İstanbul Büyükşehir Belediyesi (İBB) Bilim Kurulu, şehrin deprem riski ile ilgili dikkat çekici açıklamalarda bulundu. Son dönemde gündeme gelen İstanbul'daki depremler ve yaşanan sismik hareketlilik, büyükşehirdeki halkın aklında çeşitli soru işaretleri yaratırken, İBB Bilim Kurulu, bu konudaki endişeleri gidermeye yönelik bilgiler sundu. Özellikle fay hatlarının durumu ve şehir altyapısının dirençliliği üzerine yapılan açıklamalar, İstanbul'un deprem tehdidinin henüz bertaraf edilmediğini gözler önüne serdi.

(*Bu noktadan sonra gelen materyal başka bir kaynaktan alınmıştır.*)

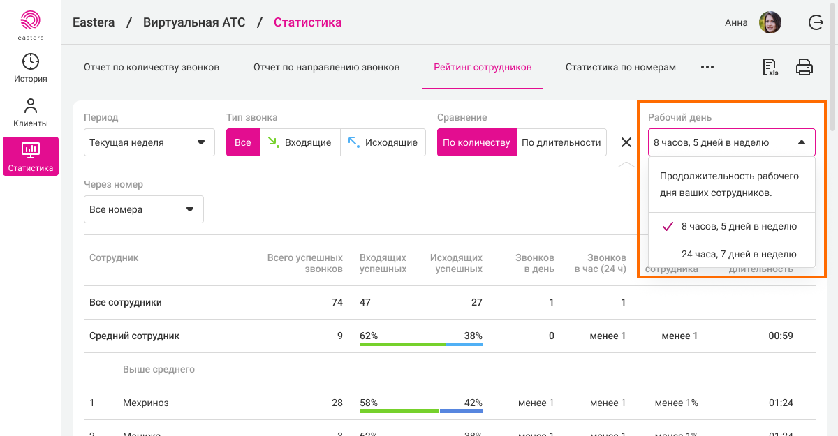 В настройках отчета вы можете выбрать два режима рабочего времени, с учетом которого будет производиться расчет показателей: круглосуточный или восьмичасовой.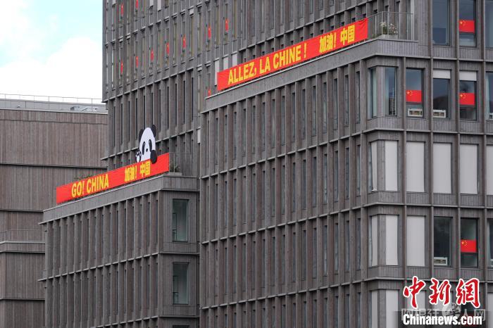 桥的一端,正是中国体育代表团驻地。除了挂着五星红旗,还有“加油!中国”字样的横幅,一只可爱的“大熊猫”从横幅上探出脑袋,像是在和世界各地的运动员打招呼。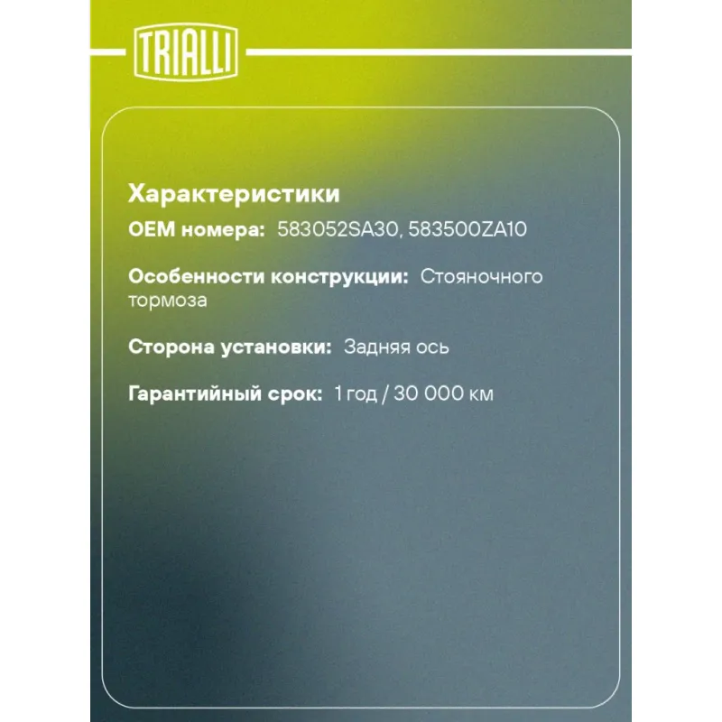 | Гарантийный срок | 1 год / 30 000 км |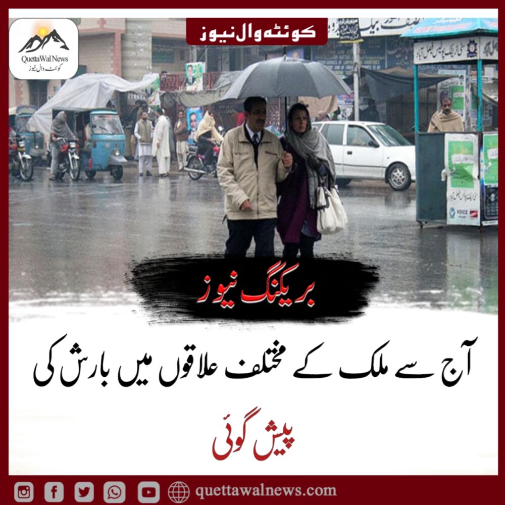 محکمہ موسمیات نے آج سے ملک کے مختلف علاقوں میں بارش کی پیش گوئی کردی۔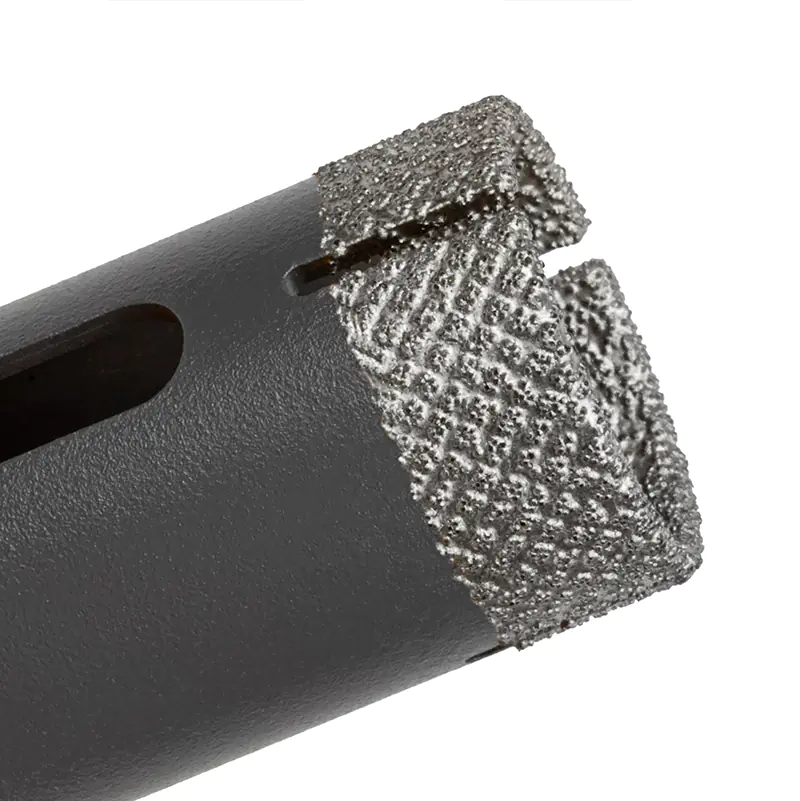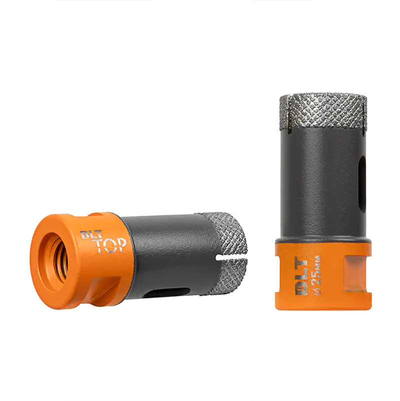 Алмазная коронка DLT TOP 25 мм выполнена по технологии вакуумно-жидкостного спекания, при котором алмазы расположены в строго распределенном порядке за счет чего коронки позволяют производить быстрое и чистое сверление с минимальными сколами. При этом сохраняется высокая скорость сверления и ресурс, даже без использования водяного охлаждения.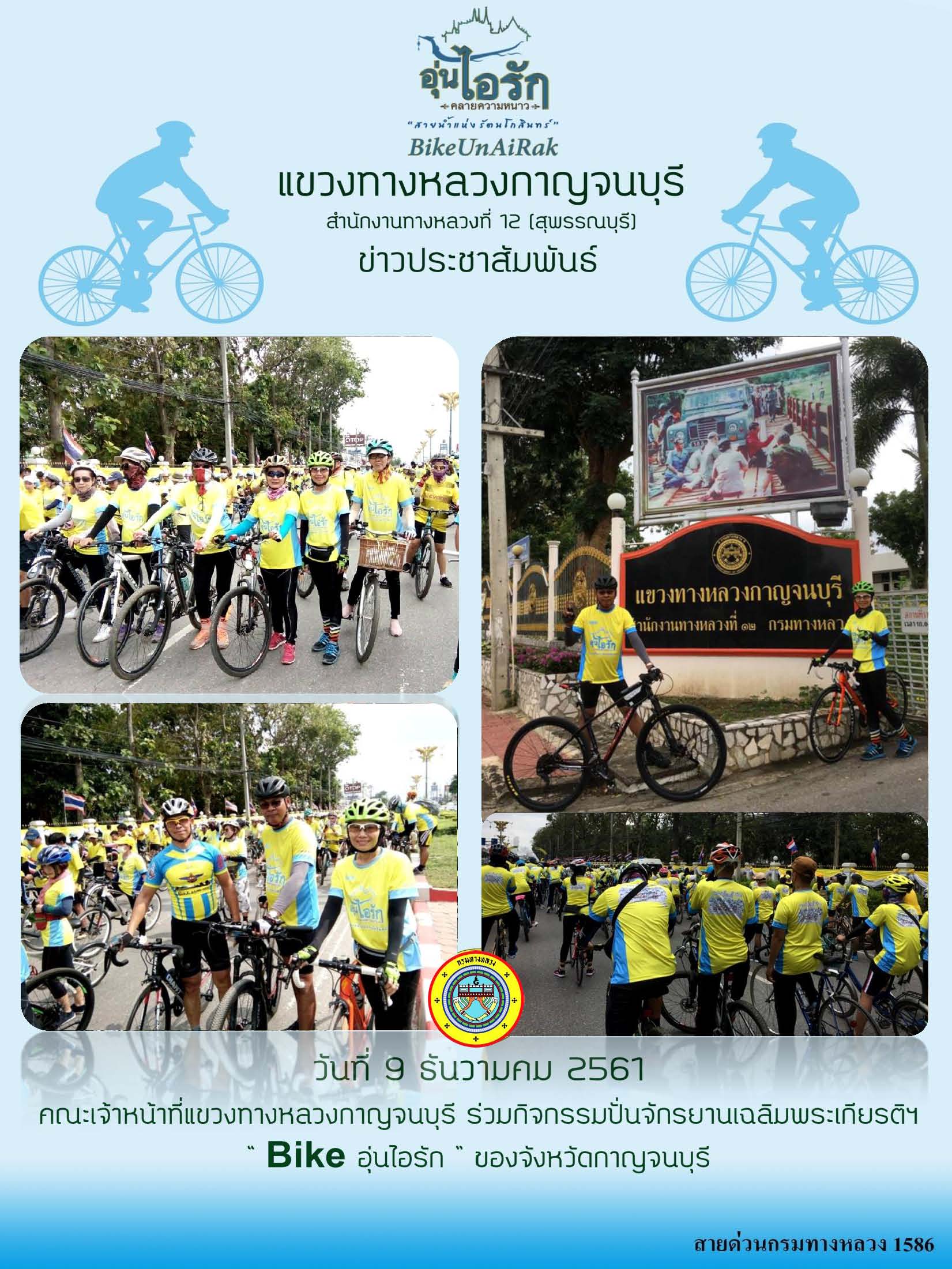 คณะเจ้าหน้าที่แขวงทางหลวงกาญจนบุรี ร่วมกิจกรรมปั่นจักรยานเฉลิมพระเกียรติฯ "Bike อุ่นไอรัก" ของจังหวัดกาญจนบุรี 9/12/61

İstanbul, coğrafi konumu nedeniyle deprem riski taşıyan bir şehir konumundadır. Kuzey Anadolu Fay Hattı’nın İstanbul'un hemen yakınından geçmesi, bu riskin boyutunu artırmaktadır. İBB Bilim Kurulu’nun raporlarına göre, geçtiğimiz yıllarda yaşanan depremler, İstanbul’un sismik aktivitesinin ne derece yüksek olduğunu göstermektedir. Özellikle son zamanlarda artan küçük ölçekli sarsıntılar, halk arasında bir korku yaratmakta ve depremle ilgili hazırlıkların önemini bir kez daha gözler önüne sermektedir. Kurul, İstanbul’un deprem riski üzerindeki değerlendirmeleri sonucunda, mevcut durumun ciddiyetini ortaya koyarak, gerekli tedbirlerin acilen alınması gerektiğine dikkat çekmektedir.
Bilim Kurulu’nun yaptığı açıklamalarda, İstanbul’daki binaların büyük bir çoğunluğunun depreme dayanıklılık testlerinden geçmediği ve eski yapıların risk oluşturduğuna dair uyarılarda bulunuldu. Özellikle 1999 İzmit depreminden sonra, şehirde yenilenen yapıların önemli bir bölümünün halen yeterli dayanıklılığa sahip olmadığı belirtiliyor. Bu bağlamda, İBB Bilim Kurulu, mevcut yapıların deprem yönetmeliğine uygun hale getirilmesi ve riskli yapıların bir an önce tespit edilerek güçlendirilmesi gerektiğini vurguladı.
İBB Bilim Kurulu, İstanbul için risk yönetimi konusunda önemli birkaç öneride bulundu. Öncelikle, şehirdeki tüm binaların sistematik bir şekilde denetlenmesi ve deprem güvenliğinin sağlanması amacıyla kapsamlı bir envanter çalışması yürütülmesi gerektiği ifade edildi. Bu çalışmalarda her binanın depreme dayanıklılığının belirlenmesi, riskli binaların tespiti ve gerekirse yıkım veya güçlendirme çalışmalarının hızla başlatılması gerektiği önemle vurgulandı.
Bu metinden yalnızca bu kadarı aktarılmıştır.